Data entries

BEGIN

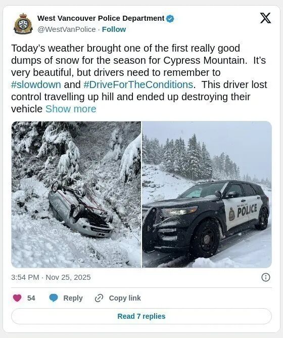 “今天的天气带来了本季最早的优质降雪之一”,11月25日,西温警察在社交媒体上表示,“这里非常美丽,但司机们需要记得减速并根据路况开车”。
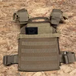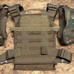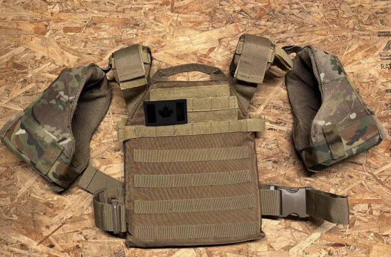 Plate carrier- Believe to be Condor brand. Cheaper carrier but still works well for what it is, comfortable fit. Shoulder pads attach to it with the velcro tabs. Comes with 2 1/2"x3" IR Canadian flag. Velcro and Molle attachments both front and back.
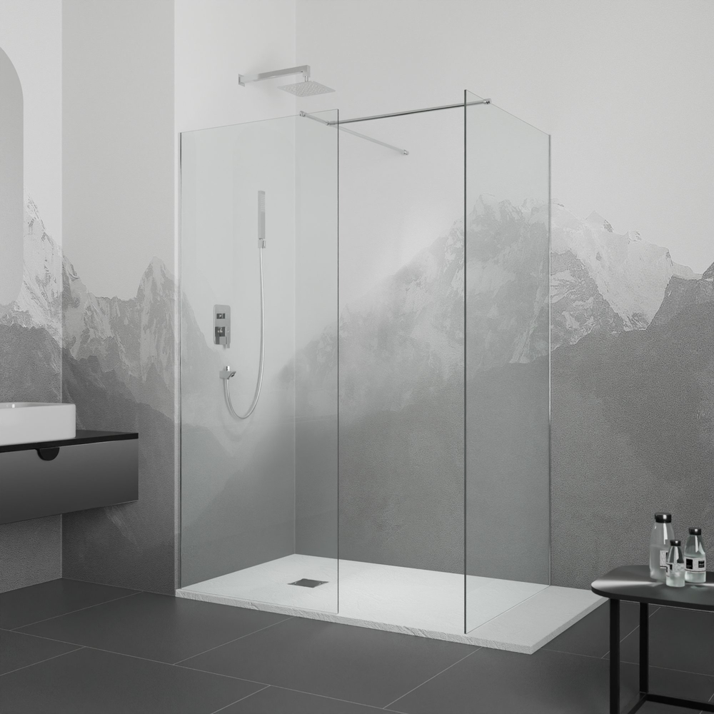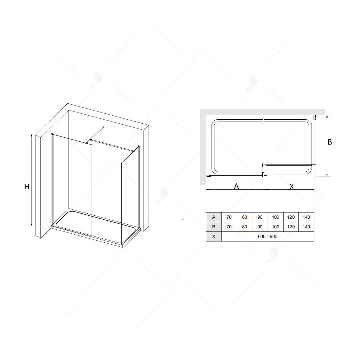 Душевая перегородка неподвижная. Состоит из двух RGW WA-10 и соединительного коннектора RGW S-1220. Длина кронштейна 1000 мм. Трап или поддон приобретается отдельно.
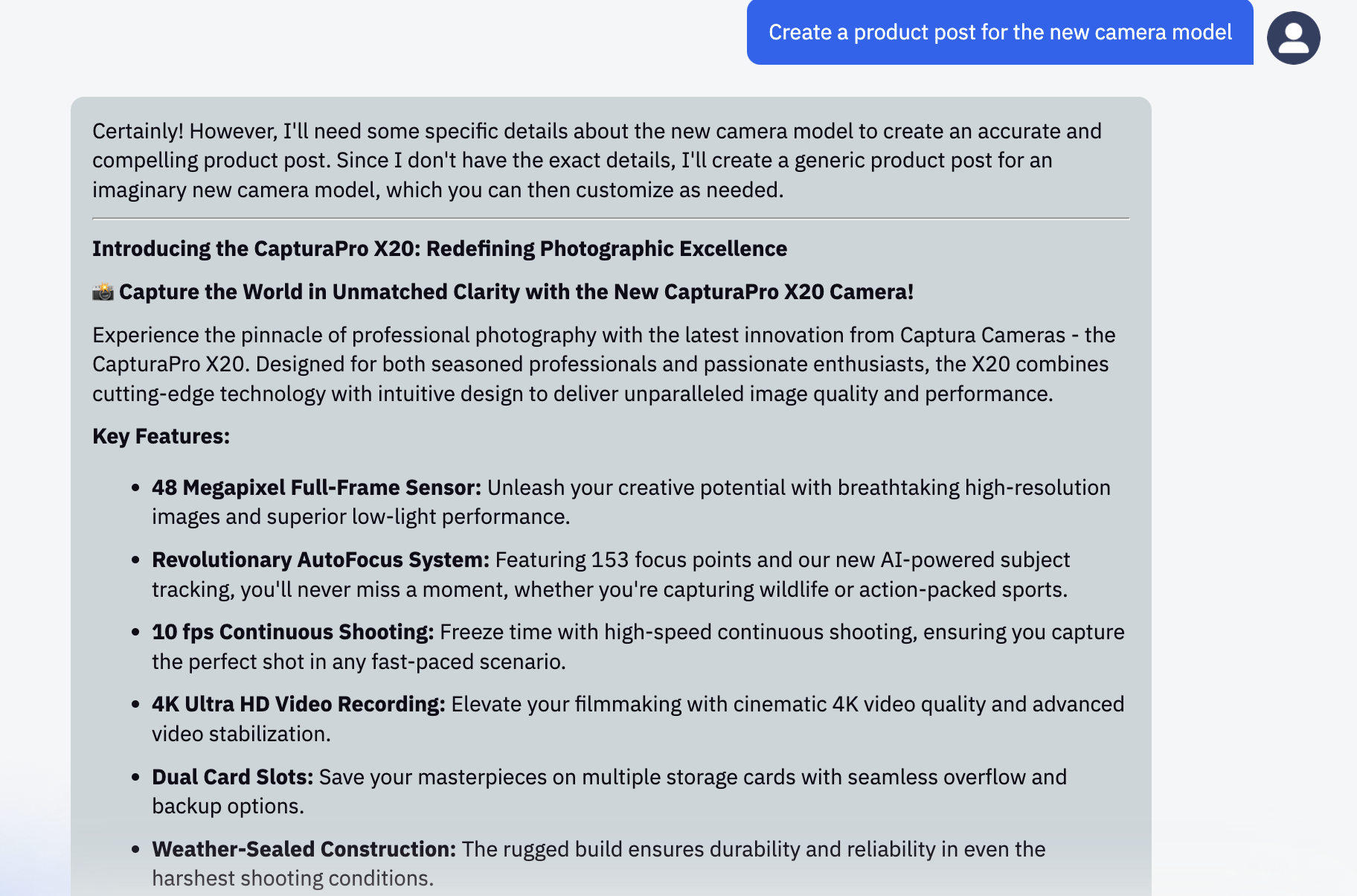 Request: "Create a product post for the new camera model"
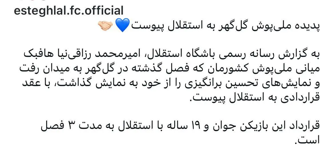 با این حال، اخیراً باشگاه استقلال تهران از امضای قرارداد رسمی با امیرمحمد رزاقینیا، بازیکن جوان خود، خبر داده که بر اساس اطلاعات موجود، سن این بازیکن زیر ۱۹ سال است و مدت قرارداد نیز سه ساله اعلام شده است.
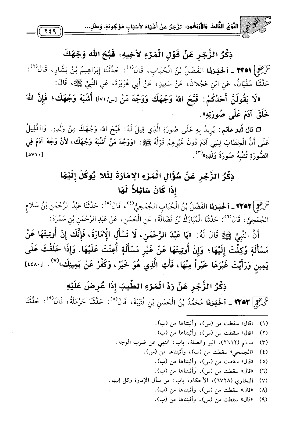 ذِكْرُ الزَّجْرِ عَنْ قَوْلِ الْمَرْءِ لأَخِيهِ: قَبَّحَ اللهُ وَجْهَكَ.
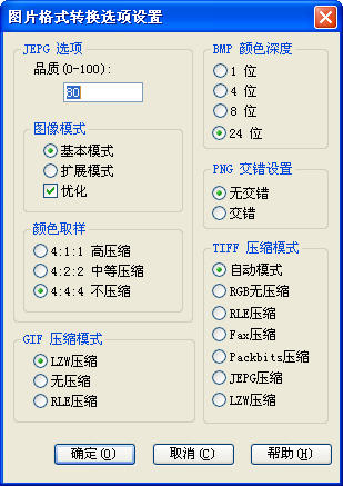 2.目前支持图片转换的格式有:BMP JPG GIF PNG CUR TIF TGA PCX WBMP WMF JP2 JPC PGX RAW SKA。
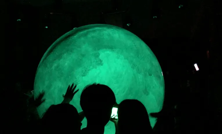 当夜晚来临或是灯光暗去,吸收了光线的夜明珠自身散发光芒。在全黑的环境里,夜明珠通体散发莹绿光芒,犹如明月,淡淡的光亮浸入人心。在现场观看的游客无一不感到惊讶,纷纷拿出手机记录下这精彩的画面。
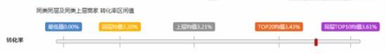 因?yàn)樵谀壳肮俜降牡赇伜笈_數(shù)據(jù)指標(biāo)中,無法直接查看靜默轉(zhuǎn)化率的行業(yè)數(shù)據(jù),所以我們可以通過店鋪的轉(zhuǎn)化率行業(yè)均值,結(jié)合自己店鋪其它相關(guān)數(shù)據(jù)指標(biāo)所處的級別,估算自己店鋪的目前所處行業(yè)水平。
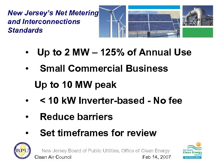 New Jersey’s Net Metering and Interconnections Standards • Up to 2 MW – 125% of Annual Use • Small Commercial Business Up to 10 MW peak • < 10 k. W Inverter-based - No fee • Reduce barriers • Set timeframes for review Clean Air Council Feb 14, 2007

END

#### Directions
Could you print all of the entries exactly, skipping the images?

#### Solution to this problem
 “今天的天气带来了本季最早的优质降雪之一”,11月25日,西温警察在社交媒体上表示,“这里非常美丽,但司机们需要记得减速并根据路况开车”。
 Plate carrier- Believe to be Condor brand. Cheaper carrier but still works well for what it is, comfortable fit. Shoulder pads attach to it with the velcro tabs. Comes with 2 1/2"x3" IR Canadian flag. Velcro and Molle attachments both front and back.
 Душевая перегородка неподвижная. Состоит из двух RGW WA-10 и соединительного коннектора RGW S-1220. Длина кронштейна 1000 мм. Трап или поддон приобретается отдельно.
 Request: "Create a product post for the new camera model"
 با این حال، اخیراً باشگاه استقلال تهران از امضای قرارداد رسمی با امیرمحمد رزاقینیا، بازیکن جوان خود، خبر داده که بر اساس اطلاعات موجود، سن این بازیکن زیر ۱۹ سال است و مدت قرارداد نیز سه ساله اعلام شده است.
 ذِكْرُ الزَّجْرِ عَنْ قَوْلِ الْمَرْءِ لأَخِيهِ: قَبَّحَ اللهُ وَجْهَكَ.
 2.目前支持图片转换的格式有:BMP JPG GIF PNG CUR TIF TGA PCX WBMP WMF JP2 JPC PGX RAW SKA。
 当夜晚来临或是灯光暗去,吸收了光线的夜明珠自身散发光芒。在全黑的环境里,夜明珠通体散发莹绿光芒,犹如明月,淡淡的光亮浸入人心。在现场观看的游客无一不感到惊讶,纷纷拿出手机记录下这精彩的画面。
 因?yàn)樵谀壳肮俜降牡赇伜笈_數(shù)據(jù)指標(biāo)中,無法直接查看靜默轉(zhuǎn)化率的行業(yè)數(shù)據(jù),所以我們可以通過店鋪的轉(zhuǎn)化率行業(yè)均值,結(jié)合自己店鋪其它相關(guān)數(shù)據(jù)指標(biāo)所處的級別,估算自己店鋪的目前所處行業(yè)水平。
 New Jersey’s Net Metering and Interconnections Standards • Up to 2 MW – 125% of Annual Use • Small Commercial Business Up to 10 MW peak • < 10 k. W Inverter-based - No fee • Reduce barriers • Set timeframes for review Clean Air Council Feb 14, 2007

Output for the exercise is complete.